Africa-focused gold miner Pan African Resources (PAF) reported further growth at the full-year stage. That progress looks set to continue next year, too, as management works on closing the transformational acquisition of the Evander gold mining complex, which will double annual gold production to nearly 200,000 ounces - leaving the shares looking attractive.
Meanwhile, the company’s reliable Barberton gold operations in South Africa continues to deliver healthy profits, with the decreasing value of the South African rand helping the company to lower cash costs year-on-year by 0.6 per cent to $776 (£479) per ounce.
Barberton produced 94,449 ounces during the period, up slightly from 92,197 ounces a year earlier, but a 24 per cent rise in the gold price boosted turnover and profits substantially.
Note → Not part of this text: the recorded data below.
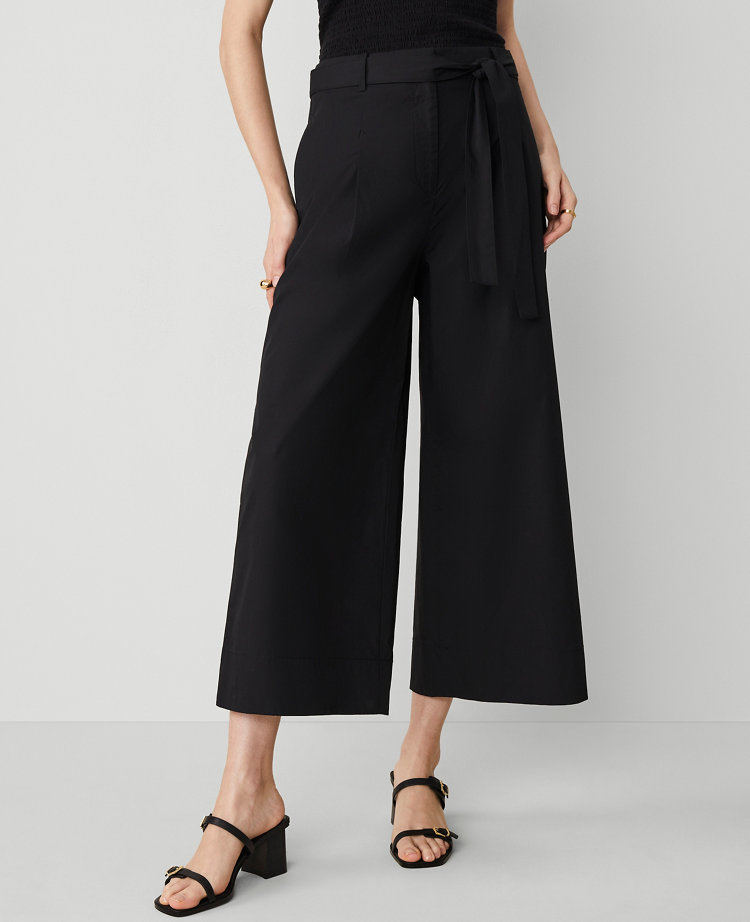 This flattering pant features an easy fit through the thigh and front pleats for extra ease of movement. Front zip with a hook-and-bar closure. Removable tie belt. Belt loops. Onseam pockets. Back welt pockets.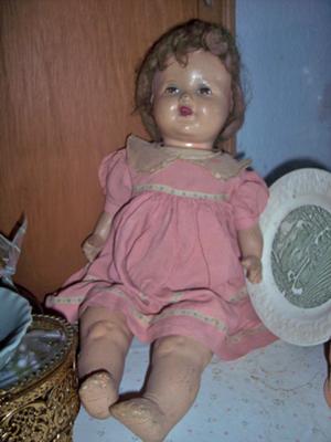 You're lucky the composition on your Grandmother's doll is in good shape, from what I can see in the lone picture. Storing dolls in attics and basements is a very poor idea. Heat damage from the attic and moisture damage from the basement has ruined many a doll.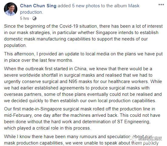 他也透露,第一个新加坡制造的手术口罩是在2月中旬诞生,也就是机器运回新加坡的第二天。如果没有新科工程的努力和决心,这是不可能办到的,新科工程在这过程中发挥了关键的作用。
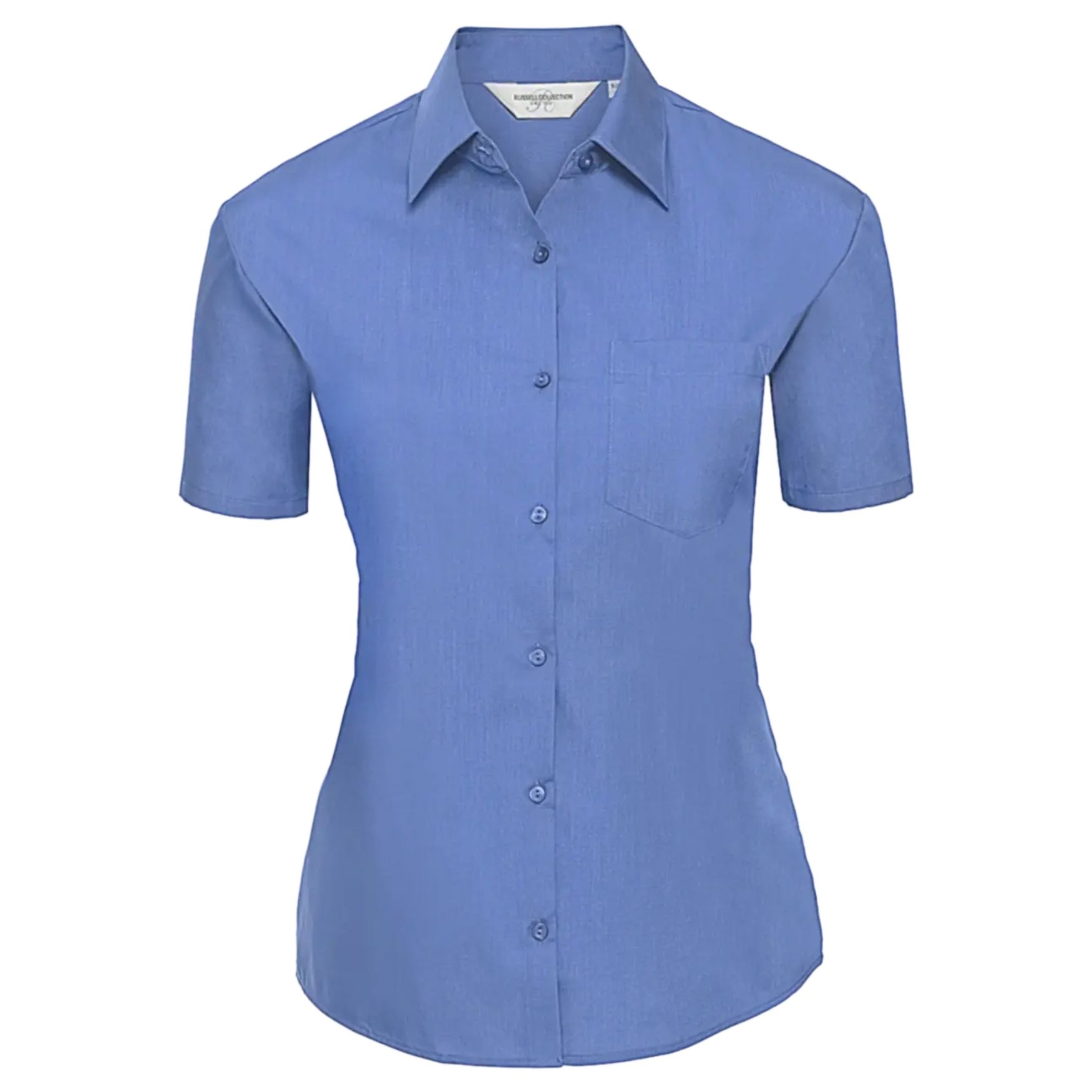Koszula z krótkim rękawem damska uszyta z popeliny zawierającej 65% poliester i 35% bawełny. Posiada klasyczny krój z lekko zaokrąglonym dołem, klasyczny kołnierzyk z pojedynczym guzikiem i kieszeń na piersi. Guziki w tonacji.

In addition, Pan African’s Phoenix chrome tailings plant added some 3,384 ounces of platinum group metals (PGMs) after being commissioned earlier in the year - broker finnCap expects it to produce around 9,000 ounces of PGMs in the year to end-June 2013.
Prudently, but disappointingly, Pan African decided to forego a dividend this year in light of the Evander purchase, but expects to reinstate one next year. finnCap forecasts adjusted EPS of 1.8p in for 2013 (2012: 2.0p).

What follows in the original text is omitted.